* YOUR INSTRUCTIONS:
From the line containing "Utilizando bolinhas coloridas" through the last line below, copy every line exactly, leaving out the pictures.

(Items from a dataset)
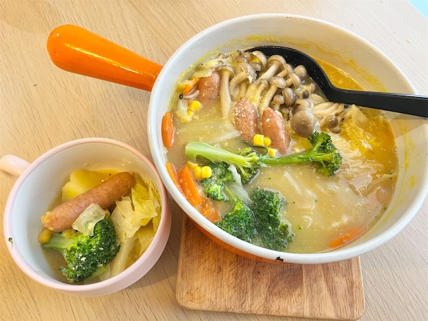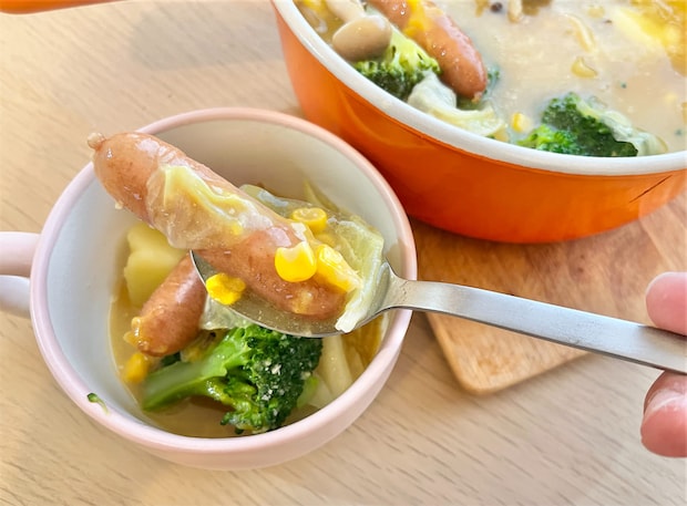 隠し味のみそが効いているので、いつものコーンスープとはちょっと違うような…?味に奥行きがあって、「お鍋」と「シチュー」の良いとこ取りのような満足感がありますよ♪
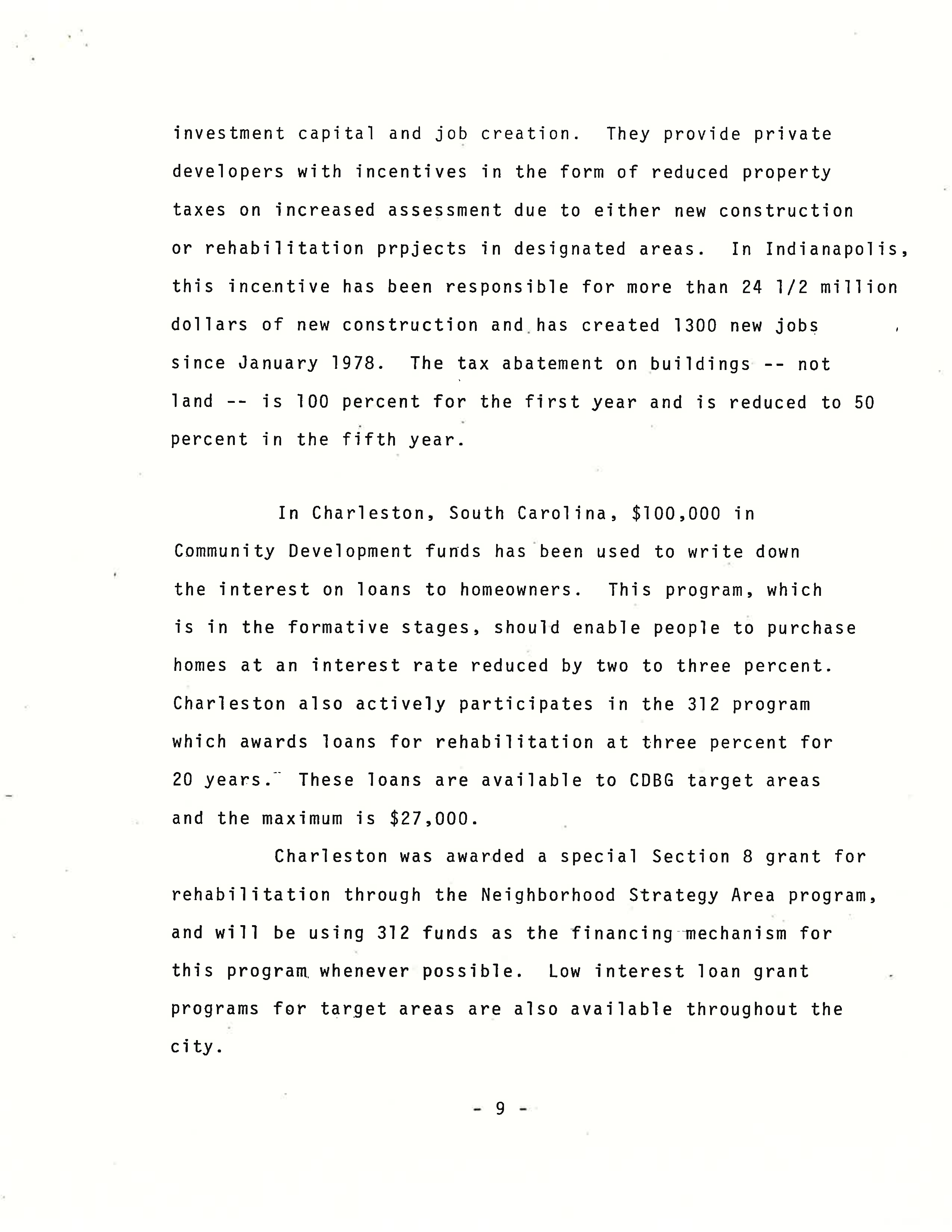 In Charleston, South Carolina, $100,000 in Community Development funds has been used to write down the interest on loans to homeowners. This program, which is in the formative stages, should enable people to purchase homes at an interest rate reduced by two to three percent. Charleston also actively participates in the 312 program which awards loans for rehabilitation at three percent for 20 years. These loans are available to CDBG target areas and the maximum is $27,000.
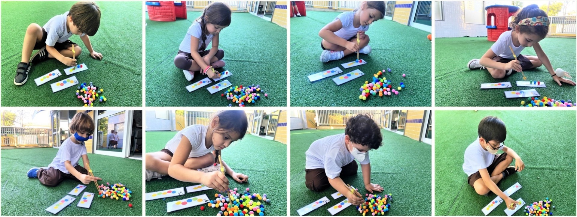 Utilizando bolinhas coloridas e hashi, os alunos do Infantil V C trabalharam os pequenos músculos localizados nas mãos, para movimentos específicos e delicados.
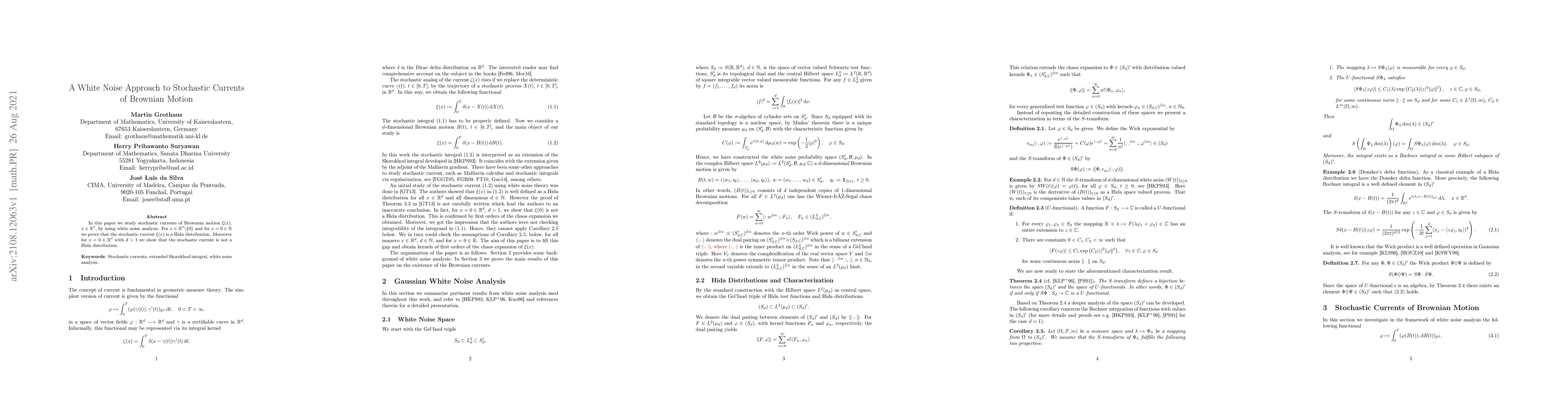 This paper employs white noise analysis to investigate stochastic currents of Brownian motion, proving that $\xi(x)$ is a Hida distribution for $x\in\mathbb{R}^{d}\backslash\{0\}$ and showing it is not for $x=0\in\mathbb{R}^{d}$ when $d>1$.
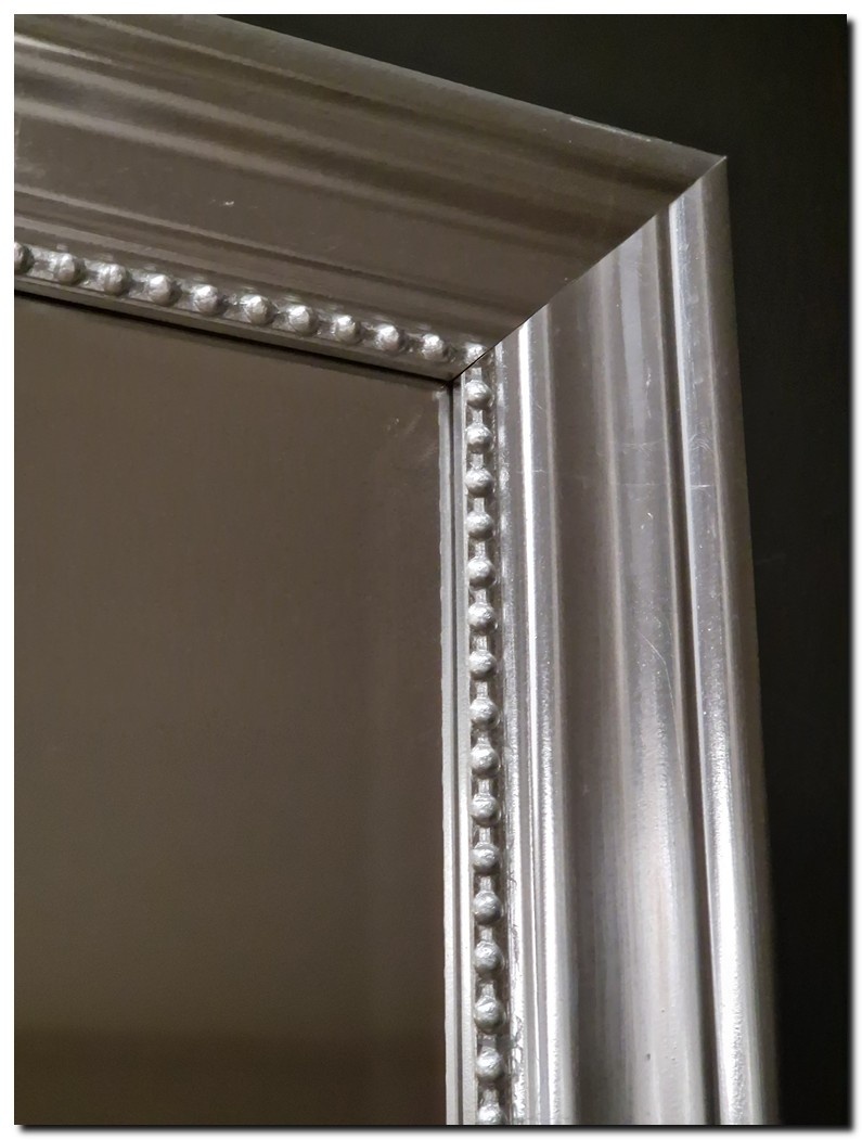 Die geraden Linien mit den einzigartigen Details einer "Perlenkette" oder "Perlenbordüre" auf der Innenseite des Rahmens verleihen dem Spiegel einen zeitlosen, aber charmanten Look.
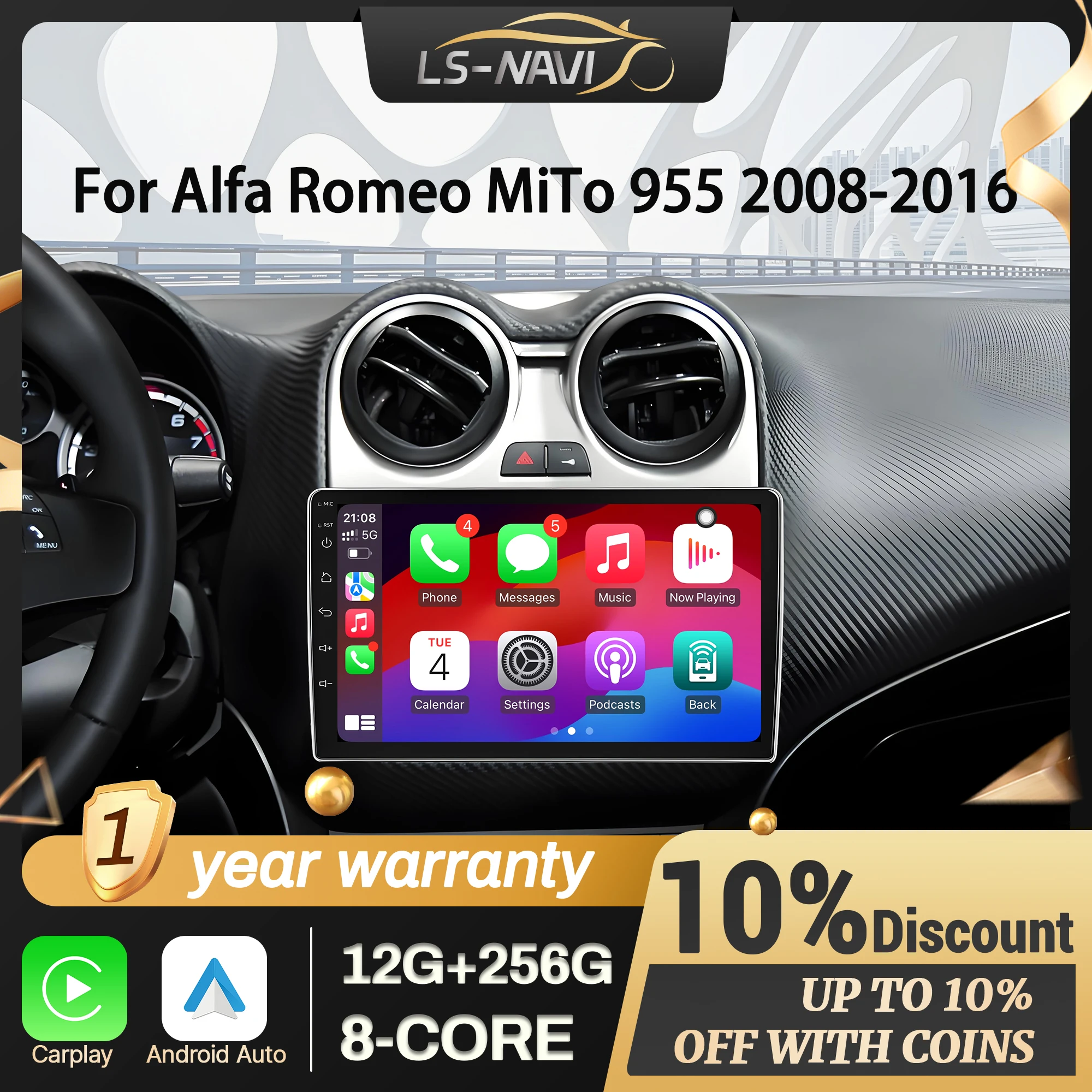 Car Radio Multimedia For Alfa Romeo MiTo 955 2008-2016 Wireless CarPlay Navigation GPS Android 14 2K QLED Screen

* YOUR SOLUTION:
 Utilizando bolinhas coloridas e hashi, os alunos do Infantil V C trabalharam os pequenos músculos localizados nas mãos, para movimentos específicos e delicados.
 This paper employs white noise analysis to investigate stochastic currents of Brownian motion, proving that $\xi(x)$ is a Hida distribution for $x\in\mathbb{R}^{d}\backslash\{0\}$ and showing it is not for $x=0\in\mathbb{R}^{d}$ when $d>1$.
 Die geraden Linien mit den einzigartigen Details einer "Perlenkette" oder "Perlenbordüre" auf der Innenseite des Rahmens verleihen dem Spiegel einen zeitlosen, aber charmanten Look.
 Car Radio Multimedia For Alfa Romeo MiTo 955 2008-2016 Wireless CarPlay Navigation GPS Android 14 2K QLED Screen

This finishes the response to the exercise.